William Deblois (20) an Iowa State University student of political science, history and statistics makes a similar point. "It's very surprising to see how much people can still have differences when the two parties appear very similar from the outside."

He came to Ireland through EUSA, an academic internship organisation that sets up placements in places like Dublin, Prague and parts of China and has been involved in doing constituency clinic work, dropping leaflets, writing press releases.

He too finds politics in Ireland “a lot less uptight” and a very different world to that in the States, pointing to meeting the Taoiseach at a Fine Gael staff party and having a chat with him, which would never happen in the US.

Looking potentially at a career in foreign policy or perhaps as a politician he is a registered Republican and has volunteered at the Iowa caucuses. But he is not a fan of US president Donald Trump.

“He’s not a true Republican. It’s a shame that as the Republican Party we’re equated with him.”

With the ongoing Iranian crisis he has been helping his professor Richard Mansbach with a book on rising national populism worldwide and “how this rising national populism in the United States has led to conflicts abroad and how something might develop with Iran”.

Glenham Smith, (20) a student of government, international politics and international security at George Mason University in Northern Virginia, is not a Trump fan either.

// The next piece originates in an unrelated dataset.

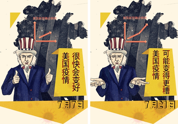 美国新冠肺炎确诊病例数持续上升。7月7日,美国总统接受美国媒体采访时表示,美国疫情很快就会变好。但在7月21日的白宫新冠疫情简报会上,他却改口说:“(疫情)可能在变得更好前变得更糟。”

“I think he’s damaged ties to traditional allies the United States has. I think his way about policy hasn’t been effective and I think they could go about it a better way.”

A third year student at George Mason University in Northern Virginia, a lot of his focus is on European politics. After his eight weeks in Ireland he is planning to do a research paper on the Border and Brexit and the impasse.

He thinks there is not enough focus in the US on issues like Northern Ireland. “They have a lot of focus on Russian, China and the Middle East,” as pressing security issues.

“The Irish border issue is definitely a pressing issue and I think if it’s not a focus internationally things can get very awful for people.”

What has surprised him about Irish politics is how much attention is paid to local issues.

“One of the first things I worked on here was bus shelters on a specific street and that was very different to me versus how things are done in the US where there isn’t that close relationship between high officials in public office and their constituents.

“It just doesn’t really get that direct in the States.”